How do I enter new data for prediction (text)?

0

I'm new to Python and new to Machine Learning. I built an algorithm for it to be trained to classify texts. So you can predict in which category a particular text fits.

Training and score are working. Now, my question is with regard to new data. How do I enter this data to be predicted in which category it fits?

I tried, as in the code below, but I could not, I still did not understand how it can be done. Follow the code and I appreciate the help.

# -*- coding: utf8 -*-
import pandas as pd
import psycopg2
import numpy as np
import re
import string
import sklearn
from nltk.corpus import stopwords
from sklearn.externals import joblib
from sklearn.pipeline import Pipeline
from sklearn.linear_model import LogisticRegression
from sklearn.feature_extraction.text import CountVectorizer, TfidfVectorizer
from sklearn.naive_bayes import GaussianNB
from sklearn.naive_bayes import MultinomialNB
from sklearn.neighbors import NearestNeighbors
import pickle
from sklearn.externals import joblib

conn = psycopg2.connect(host="10.1....", port="5432", database="aplicationNames", user="aplicationNames", password="aplicationNames")

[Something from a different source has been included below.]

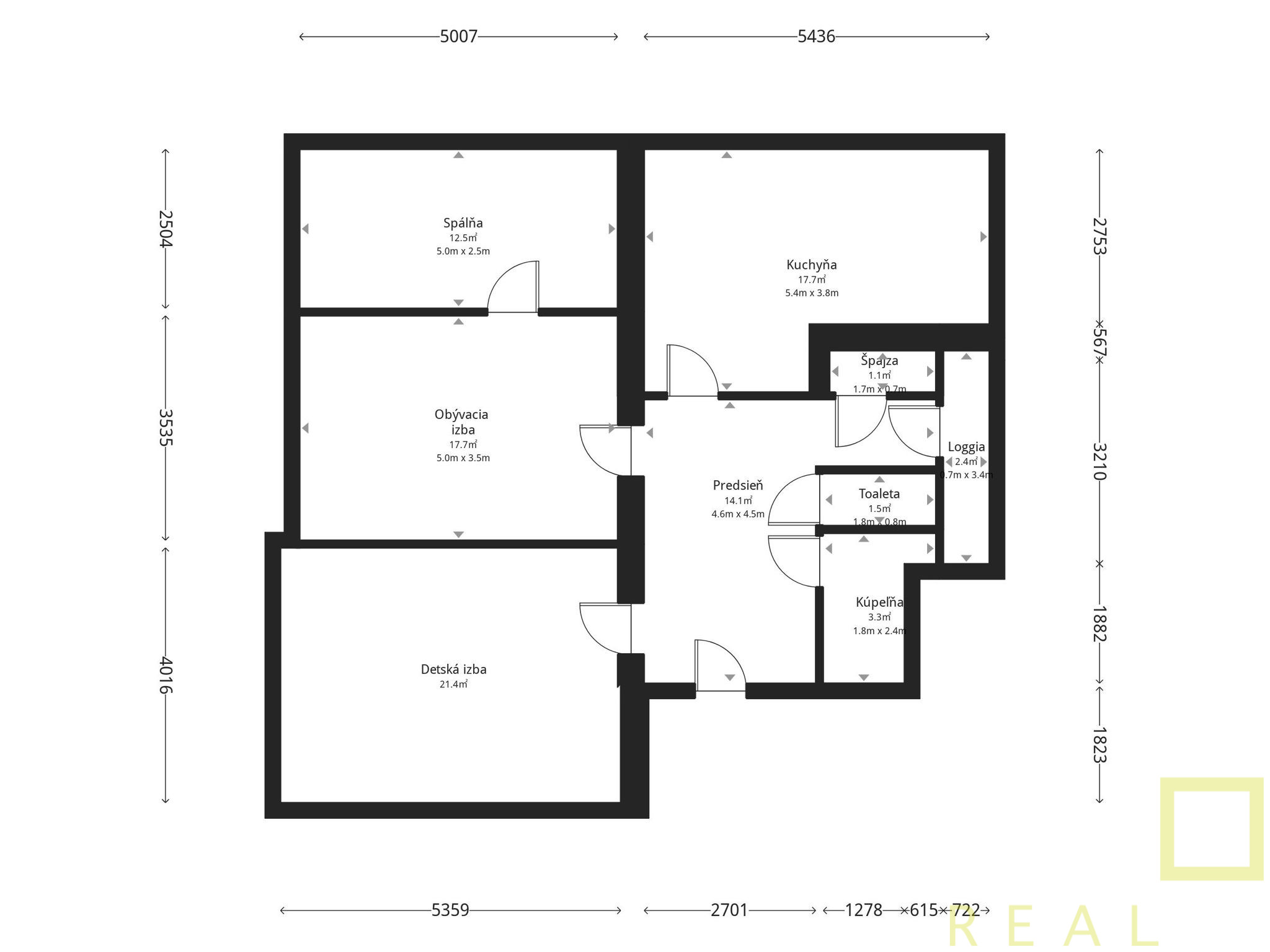 ✔ dispozícia s potenciálom úpravy na 4-izbový byt

# dataframe com o texto dos sintomas e a categoria do cat
df = pd.read_sql(
    "SELECT dsobservacaoclinica1, cdcatcategoria AS cat FROM iaconsultas limit 500",
    conn)
# criação das colunas do dataframe
df.columns = ['texto', 'cat']
# print(df) #imprimindo o dataframe
# Pegando os textos puros da coluna texto, para normalização.
# textos puros terão de ter um índice
df['texto'] = df['texto'].astype(str).str.replace('-', '')
df['texto'] = df['texto'].astype(str).str.replace('/', '')
df['texto'] = df['texto'].astype(str).str.replace('+', '')
df['texto'] = df['texto'].astype(str).str.replace('ões', '')
df['texto'] = df['texto'].astype(str).str.replace(';', '')
df['texto'] = df['texto'].astype(str).str.replace('#', '')
df['texto'] = df['texto'].astype(str).str.replace('~', '')
df['texto'] = df['texto'].astype(str).str.replace(':', '')
df['texto'] = df['texto'].astype(str).str.lower().str.split()
stop = stopwords.words("portuguese")
textosPuros = df['texto'].apply(lambda x: [w for w in x if not w in stop])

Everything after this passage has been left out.